Required action
Please return the lines from the one with "Картонный 3D пазл" through the end of the listing below, word for word, with every picture left out.

Information supplied
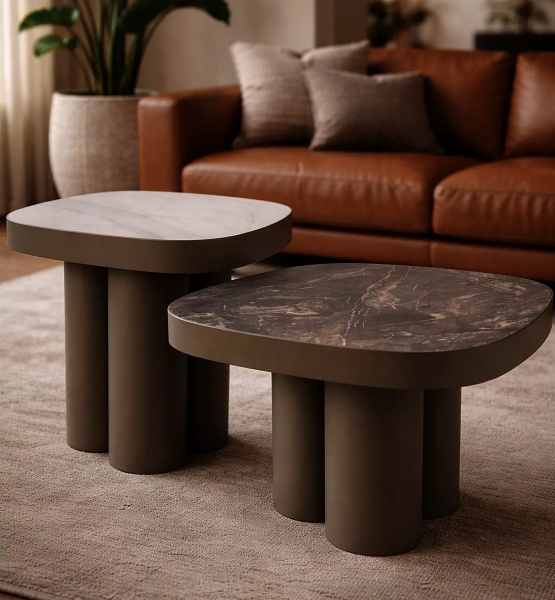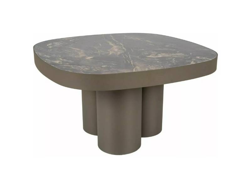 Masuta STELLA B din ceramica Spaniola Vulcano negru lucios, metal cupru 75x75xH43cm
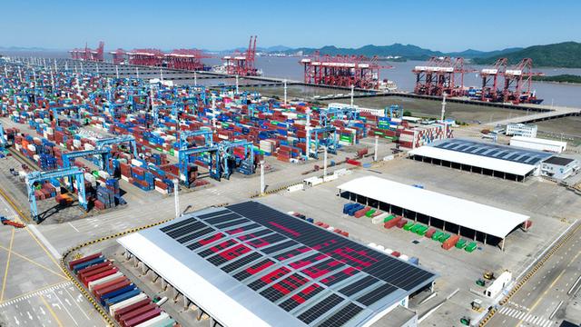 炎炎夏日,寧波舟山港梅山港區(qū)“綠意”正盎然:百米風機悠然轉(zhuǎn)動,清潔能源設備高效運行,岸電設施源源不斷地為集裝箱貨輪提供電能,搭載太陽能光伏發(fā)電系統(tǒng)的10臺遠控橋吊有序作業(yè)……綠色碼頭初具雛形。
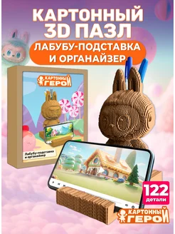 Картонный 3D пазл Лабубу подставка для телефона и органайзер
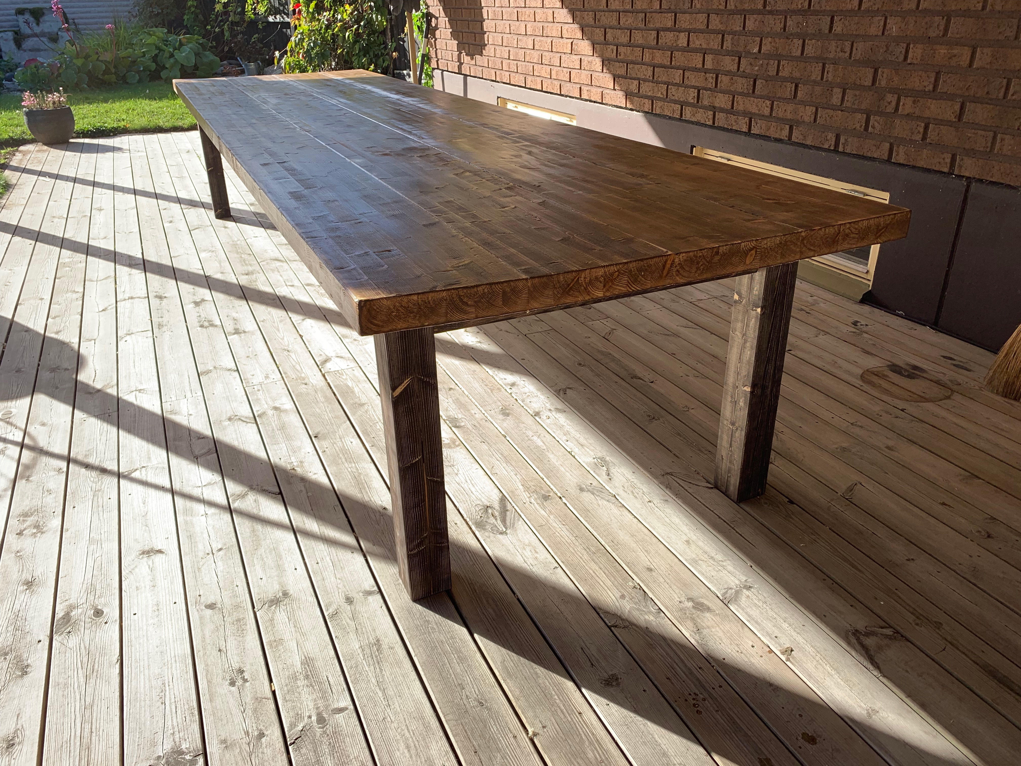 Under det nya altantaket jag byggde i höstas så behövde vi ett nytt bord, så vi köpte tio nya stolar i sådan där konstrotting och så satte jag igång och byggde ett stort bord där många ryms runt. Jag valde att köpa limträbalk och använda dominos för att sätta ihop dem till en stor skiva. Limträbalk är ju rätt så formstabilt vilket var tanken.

Your solution
 Картонный 3D пазл Лабубу подставка для телефона и органайзер
 Under det nya altantaket jag byggde i höstas så behövde vi ett nytt bord, så vi köpte tio nya stolar i sådan där konstrotting och så satte jag igång och byggde ett stort bord där många ryms runt. Jag valde att köpa limträbalk och använda dominos för att sätta ihop dem till en stor skiva. Limträbalk är ju rätt så formstabilt vilket var tanken.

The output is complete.